Chat UI Component ‐ Speech to text - IgniteUI/igniteui-webcomponents GitHub Wiki
Chat UI Component - Speech to text Specification
Contents
- Overview
- User Stories
- Functionality
- Test Scenarios
- Accessibility
- Assumptions and Limitations
- References
Owned by
CodeX Team
Ivan Petrov
Designer Name
Requires approval from
- Peer Developer Name | Date:
- Design Manager Name | Date:
Signed off by
- Product Owner Name | Date:
- Platform Architect Name | Date:
Revision History
Version | Users | Date | Notes |
---|---|---|---|
1 | Ivan Petrov | 14.10.2025 | Initial specification |
1. Overview
Objectives
- Add speech-to-text (STT) functionality to the Chat UI Component, allowing users to dictate messages using their voice.
- The feature supports two STT modes:
- Backend Transcription Mode – Audio is streamed via WebSocket/SignalR to a backend service that integrates with a 3rd party transcription service: Google Speech-to-Text / Vertex AI / etc..
This backend service is provided as standalone project (candidate for Nuget package). Repository here:
igniteui-speech-to-text-server - Frontend (Web Speech API) Mode – Browser-native transcription handled entirely in the frontend (no server dependency).
PoC: https://github.com/IgniteUI/igniteui-webcomponents/pull/1893
Complementary Backend project: igniteui-speech-to-text-server
Acceptance criteria
Must-have before we can consider the feature a sprint candidate
- Users can record and transcribe voice messages directly in the chat input in real-time.
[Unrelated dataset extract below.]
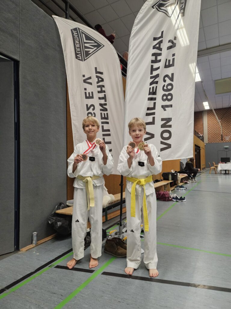 Ein besonderes Highlight für den TV Lilienthal waren die Auftritte unserer jüngsten Starter Niklas und Felix. Beide zeigten sowohl im Einzel als auch im Paarlauf beeindruckende Konzentration, saubere Technik und großen Kampfgeist. Trotz starker Konkurrenz durch ältere und erfahrenere Athleten bewiesen sie Nervenstärke und Durchhaltevermögen – eine großartige Leistung, auf die wir besonders stolz sind.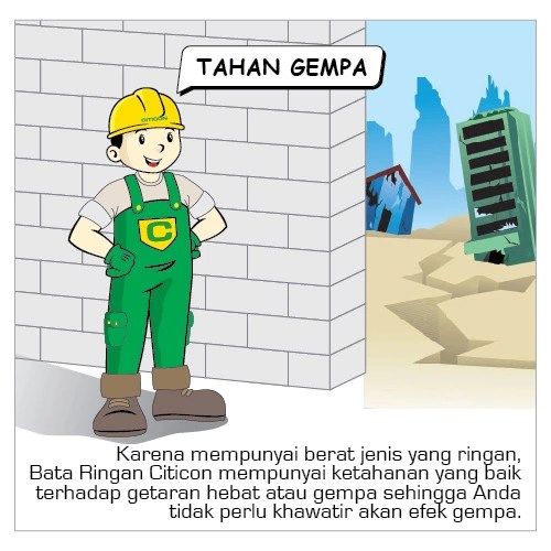 Hal ini menjadikan bata ringan Citicon mampu menahan guncangan saat terjadi gempa, serta mampu menahan panas saat terjadi kebakaran.

- Developers can configure which STT provider is used.
- Transcription output appears in the message input field in real-time.
- The system automatically stops on silence timeout.
- Works across Chrome, Edge, Safari (Web Speech fallback).
2. User Stories
Elaborate more on the multi-facetted use cases
Developer stories:
- Story 1: As a developer, I want to enable STT via a component options so I don’t need to write custom integration code.
- Story 2: As a developer, I want to choose between backend or frontend transcription providers.
End-user stories:
- Story 1: As an end-user, I want to dictate a message in the chat box using my microphone.
- Story 2: As an end-user, I want visual feedback (mic pulse and silence countdown) during recording.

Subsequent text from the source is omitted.